Friday, March 9, 2:30 p.m.
Room 414 Schapiro

An Injection-Locking Scheme for Precision Quadrature Generation

Abstract:

A quadrature "splitter" assumes a reference clock at frequency f_in, f_min <= f_in <= f_max. The output is two equal-amplitude signals c(t) and s(t) both periodic with frequency f_in but spaced exactly one-quarter of a period apart: i.e., c(t) = s(t+T/4), T=1/f_in. Such a quadrature pair can be used, for example, to generate single sideband modulation. The suppression of the undesired sideband depends directly on the accuracy of the quadrature signals. We describe such a scheme, which injection-locks a cascade of ring oscillators in such a manner as to generate extremely accurate quadrature for f_in in excess of 2GHz with a tuning range of at least 100MHz. Our scheme places no requirements on the waveform of the reference clock. Simulation and preliminary experimental data confirm our claims of quadrature accuracy on the order of 0.1 degrees of phase. When used for a SSB modulator, this implies suppression of the undesired sideband by at least 50dB.

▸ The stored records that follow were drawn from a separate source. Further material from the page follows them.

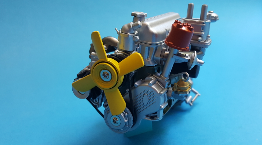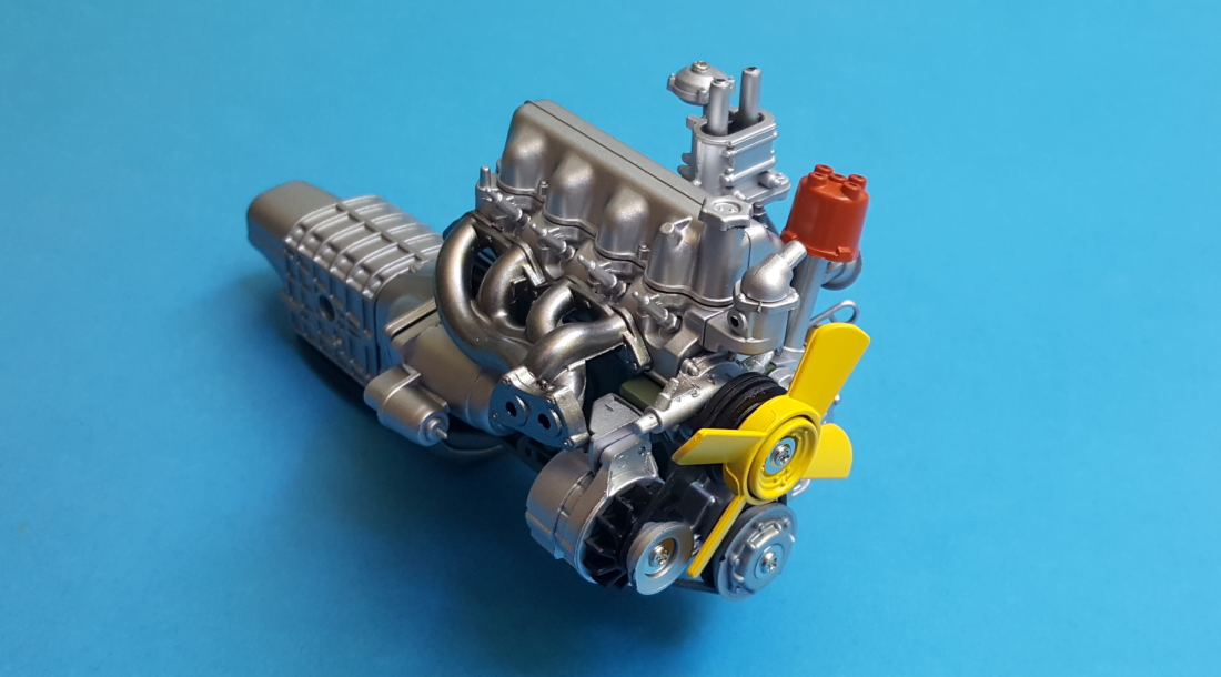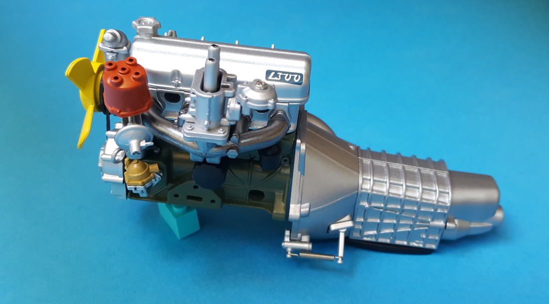 Natępnie przykręcamy oba bloki silnika razem z kompletną skrzynią. Na koniec zakładamy pasek klinowy na koła pasowe. Teraz całość prezentuje się już całkiem fajnie. Brakuje jeszcze miski olejowej i kilku elementów na silniku.
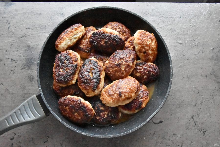 Готовые котлеты выложите в сковороду, добавьте немного воды и накройте крышкой. Потомите котлеты на медленном огне минут 5. Довести до готовности котлеты можно и в духовке.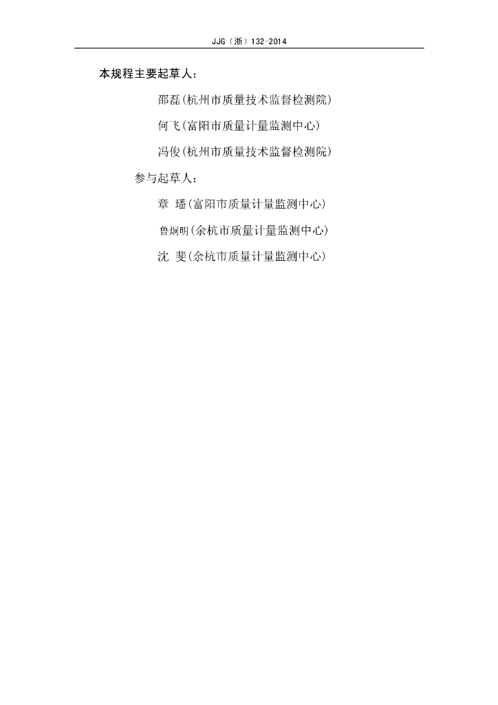邵磊(杭州市质量技术监督检测院)、何飞(富阳市质量计量监测中心)、冯俊(杭州市质量技术监督检测院)、章璠(富阳市质量计量监测中心)、鲁炯明(余杭市质量计量监测中心)、沈斐(余杭市质量计量监测中心)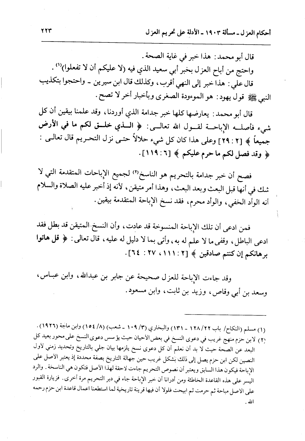 فَصَحَّ أَنَّ خَبَرَ جُدَامَةَ بِالتَّحْرِيمِ هُوَ النَّاسِخُ لِجَمِيعِ الْإِبَاحَاتِ الْمُتَقَدِّمَةِ الَّتِي لَا شَكَّ فِي أَنَّهَا قَبْلَ الْبَعْثِ وَبَعْدَ الْبَعْثِ، وَهَذَا أَمْرٌ مُتَيَقَّنٌ، لِأَنَّهُ أَخْبَرَ - عَلَيْهِ الصَّلَاةُ وَالسَّلَامُ - أَنَّهُ الْوَأْدُ الْخَفِيُّ، وَالْوَأْدُ مُحَرَّمٌ، فَقَدْ نَسَخَ الْإِبَاحَةَ الْمُتَقَدِّمَةَ بِيَقِينٍ.
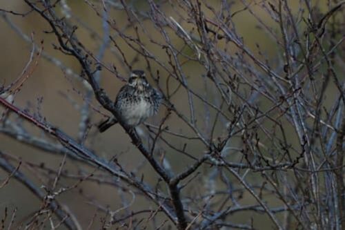 いつもの洞庭湖に、この子というには迫力のあるツグミがいました。レンズの先7~8M のところで、おっさんの存在を全く気にせずというか無視して長い間、雀のように地面に居ました。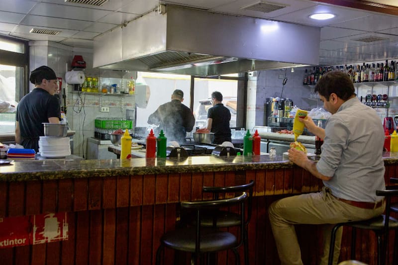 Es un bar de barra larga, con una plancha a la vista que se encarga de todos los sánguches que salen contundentes para los comensales, con mesas de melamina empotradas, servilleteros gigantes y dispensadores de mostaza, ají y kétchup.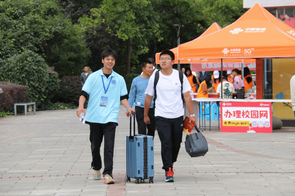 828日晨曦,志愿者们早早就位。帅气的学长们站在校园门口,满心欢喜地迎接新生的到来,热心地帮助新生将行李搬到宿舍,引导他们到观山楼检录点检录。漂亮的学姐们整齐落座,帮助萌新们扫码登记、添加班级群、关注学院公众号、分配宿舍。志愿者们热情的帮助、亲切的笑容、周到的服务让小萌新们倍感温暖。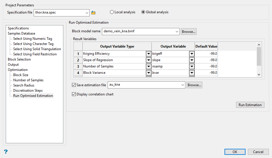 Select this option to run an initial estimation based on the optimal settings you have selected. This will create a new block model. The settings used can be viewed on the Optimisation pane. The block estimation file can then be opened and edited in the Estimation Editor to run a more complete estimation.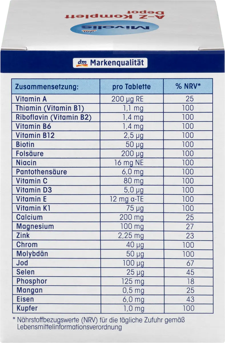 Точное название продукта: Биологически активная добавка с витаминами и минералами, фосфатом кальция, оксидом магния, наполнителем гидроксипропилметилцеллюлозой, карбонатом кальция, L-аскорбиновой кислотой. кислота (витамин С), мальтодекстрин, наполнитель микрокристаллическая целлюлоза, DL-α-токоферилацетат (витамин Е), фумарат железа, никотинамид, D-пантотенат кальция, цитрат цинка, антислеживатель, магниевые соли жирных кислот, покрывающий агент гидроксипропилцеллюлоза , сульфат меди, гидрохлорид пиридоксина (витамин В6), красители оксиды и гидроксиды железа, сульфат марганца, рибофлавин (витамин В2), мононитрат тиамина (витамин В1), антислеживатель диоксид кремния, птероилмоноглутаминовая кислота (фолиевая кислота), хром ( III) хлорид, ретинилацетат (витамин А), йодат калия, молибдат натрия, филлохинон (витамин К), D-биотин, селенит натрия, холекальциферол (витамин D3), цианокобаламин (витамин B12).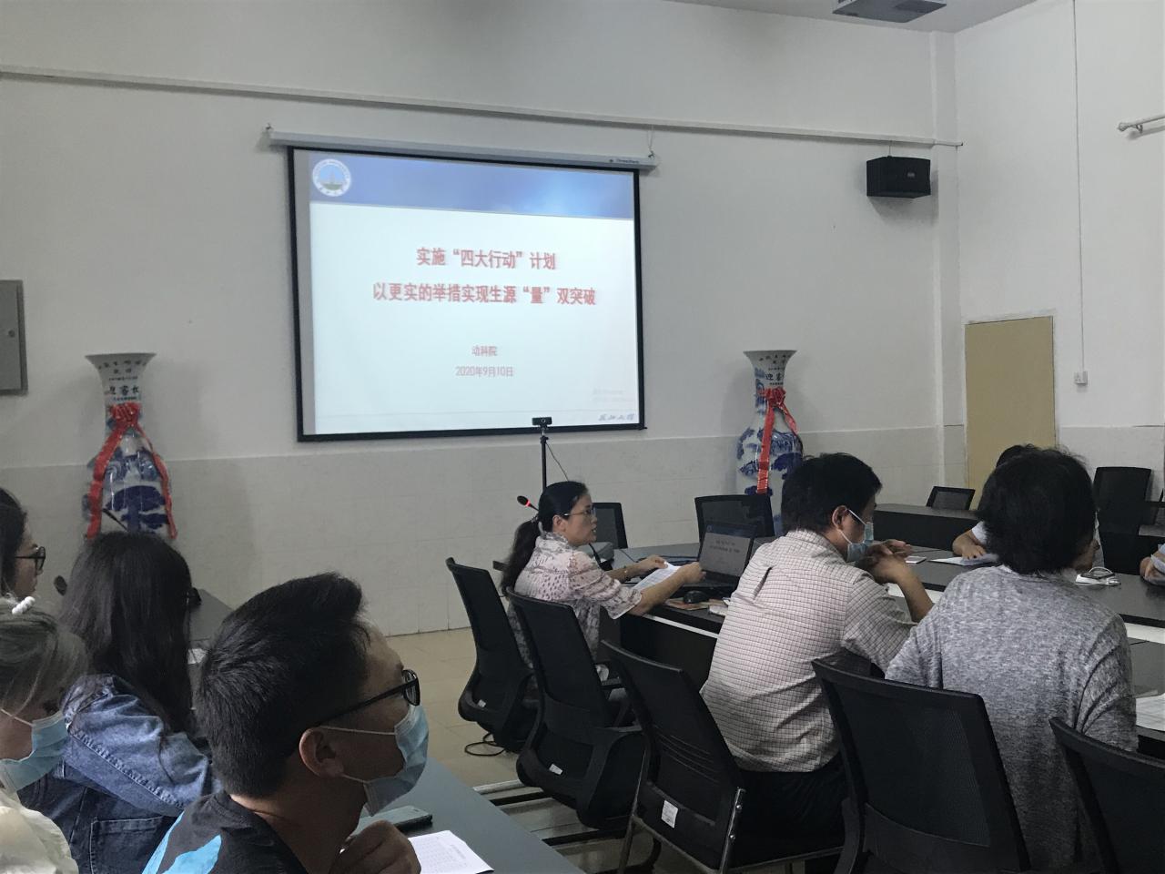 会上,每名参会员工就有关考研意向及考研中遇到的问题进行了单独发言,与会的导师对员工提出的疑问耐心解答。动物医学系主任田光明老师,水产系罗鸣钟老师及动物科学系杜志强老师,向员工们分别介绍了三个专业硕士生导师的科学研究情况,会后员工主动与自己感兴趣的导师进行了面对面交流。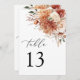 Boho Terracotta Dahlia Rose Wedding Table Number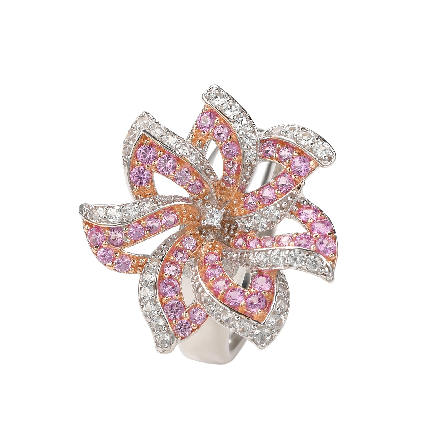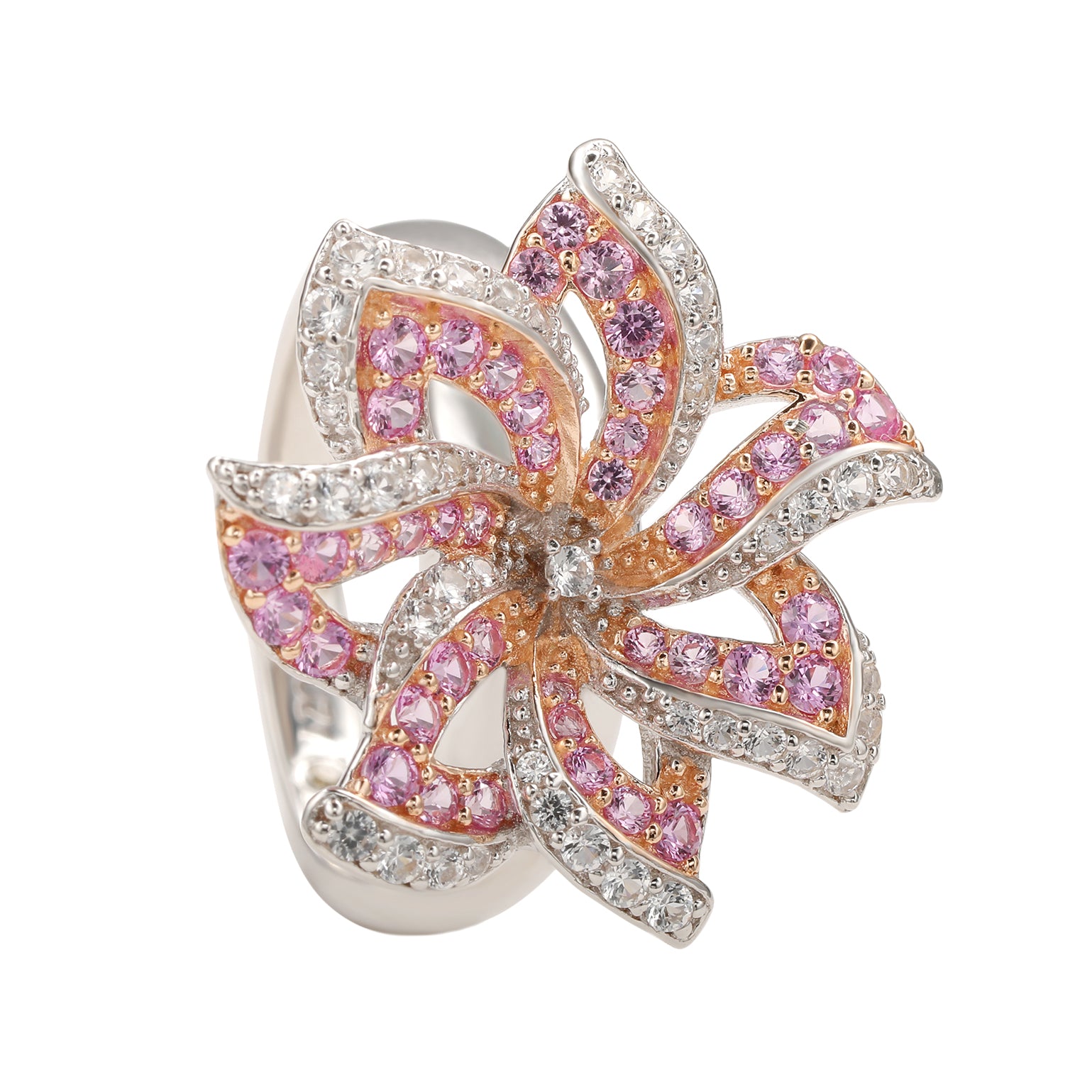 Suzy Levian Pink Sapphire and Diamond in Sterling Silver Flower Ring
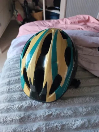 Casco de bicicleta con un diseño llamativo en varios colores. - Diseño con franjas amarillas y turquesas. - Base negra. - Múltiples ventilaciones.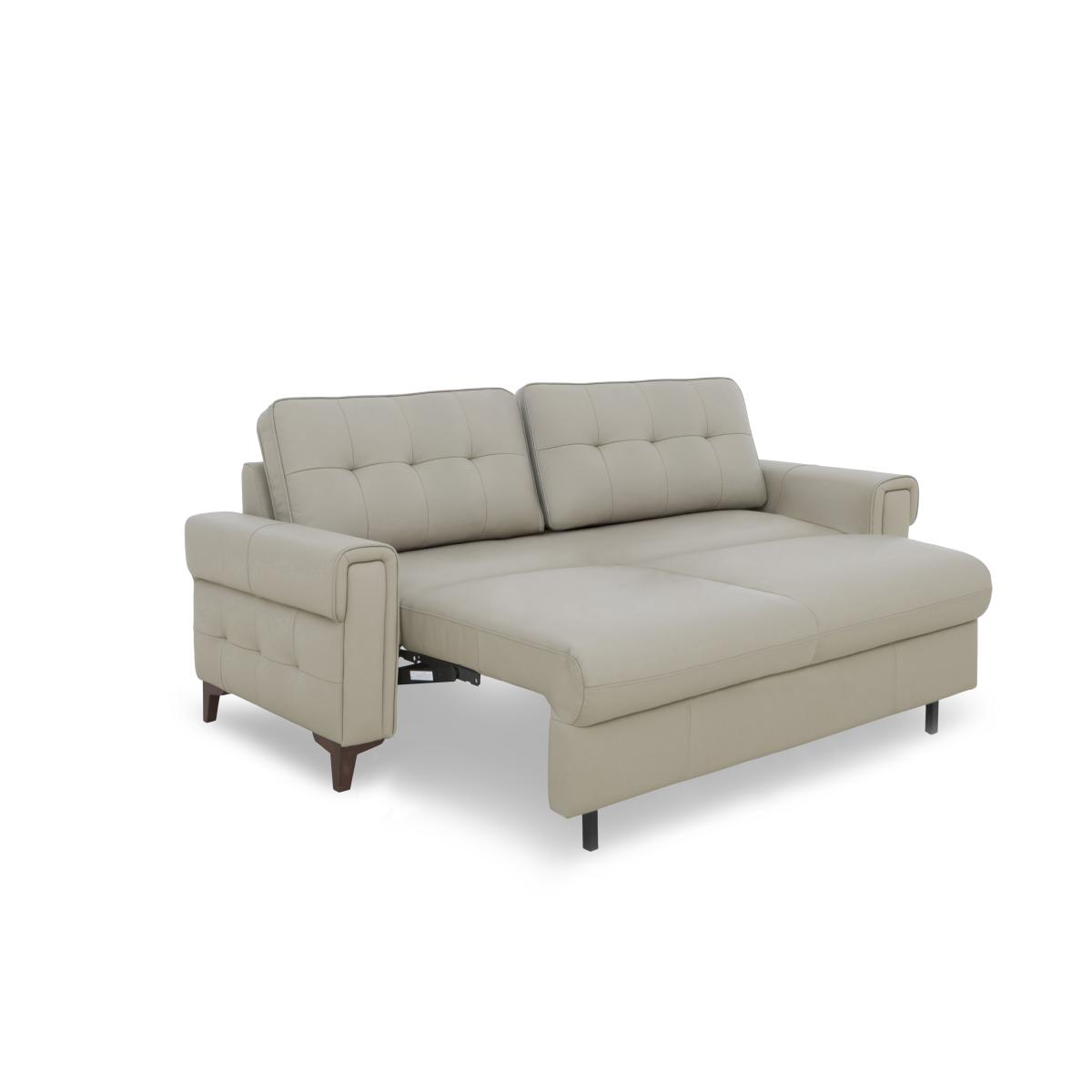 Here’s a range of sofa beds that will make you want to have houseguests more often. Designed for style, comfort and convenience, our Zoom sofa beds and chair beds pull open in seconds with no heavy lifting or cumbersome unfolding required. Mattresses simply pull out like a futon but – dare we say – are much more comfortable. The three-seater sofa bed even converts into a super king size bed, and the pocket spring and foam mattresses promise a delightful night’s sleep. Exclusively available at Furniture Village, the handcrafted Zoom range is offered in both fabric and 100% leather upholstery. Beautifully upholstered in 100% leather, this elegant three-seater sofa bed has a super-fast and easy mechanism that transforms it from sofa to bed in mere seconds. Why you’ll love it Effortlessly stylish, this leather sofa bed couldn’t be easier to use. Converts in seconds to a super king size bed with a simple pull-out action. Striking contemporary design with classic details. Wide square arms, elegant buttoning detail and wooden legs. Exceptionally comfortable with pocket sprung seat and cushioning. Fabulous pocket spring and foam mattress. Upholstered in 100% leather in a choice of colours. Handcrafted exclusively for Furniture Village. This 3-seater leather sofa bed is part of our Zoom range. What you need to know Medium comfort level. Seat suspension: zig-zag springs. Seat cushioning: pocket coil spring, high-resilience foam. Cushioning is fixed. Back suspension: zig-zag springs. Back cushioning: fibre. Arm cushioning: foam. Mattress: pocket coil spring, high-resilience foam. Please follow sofa bed opening instructions carefully. Forcing the mechanism will cause damage. This sofa bed’s ratchets will make a clicking sound while being adjusted. This is not a fault. Upholstery will be slightly relaxed to facilitate sofa bed mechanism. This sofa bed has a 1-piece frame. Please measure carefully to ensure adequate access for our delivery team. Plump cushions regularly to promote longer cushion life. Leather has unique marks and characteristics with variation in colour and texture. Leather softens with use. To smooth and straighten fixed cushions, punch the back cushion’s top two corners and the seat cushion’s outer two corners, and pinch outwards. Please read our upholstery care guide for more advice. Item code:ZOOM3SSBLTH-010

Injection-locking is related to but distinct from phase locking. In particular, there is no requirement for a low-pass "loop" filter, hence no issue of loop stability. A brief discussion of the theory of injection-locking will be presented.


Prof. Dhiraj K. Pradhan
Oregon State University

WEDNESDAY, February 21, 1:00-2:15 pm
Room 414 Schapiro

Recent Advances in Logic Verification

Abstract:

Logic verification continues to be considered one of CAD`s most difficult problems, highlighted with the discovery of the Pentium bug dilemma. This talk reviews certain current innovations addressing such problems. A new method will be discussed, based on what has become known as Recursive Learning Technique. This proposed technique has its cornerstone in Boolean implication techniques -- proven most powerful when traditional approaches such as OBDD fail. In fact, Recursive Learning was the first to verify the ISCAS benchmark circuits -- discovering some bugs in the process. This work has won the l996 IEEE Transactions on CAD/Best Paper Award, patented that same year. Several CAD companies currently implement this technique in their tool.


Carlo Samori
Politecnico di Milano

Friday, February 16, 2:30 p.m.
Room 414 Schapiro

Phase noise mechanisms in LC-tuned oscillators

Abstract:

The problem of the evaluation of phase noise in integrated LC-oscillators is discussed. We show that is possible to obtain a simple expression for the output phase noise that takes into account the circuit non-linearities, avoiding the use of "black box" simulators. Using simple physical arguments, supported by experimental data, we show that some upconversion mechanism usually neglected, as those arising from indirect stability or from AM/PM conversion, may be instead dominant and invalidate the noise vs. power trade-off. These considerations will be applied to the design of two circuits: a 2.5 GHz bipolar oscillator with an Automatic Amplitude Control loop, and a 5 GHz CMOS oscillator for Bluetooth standard.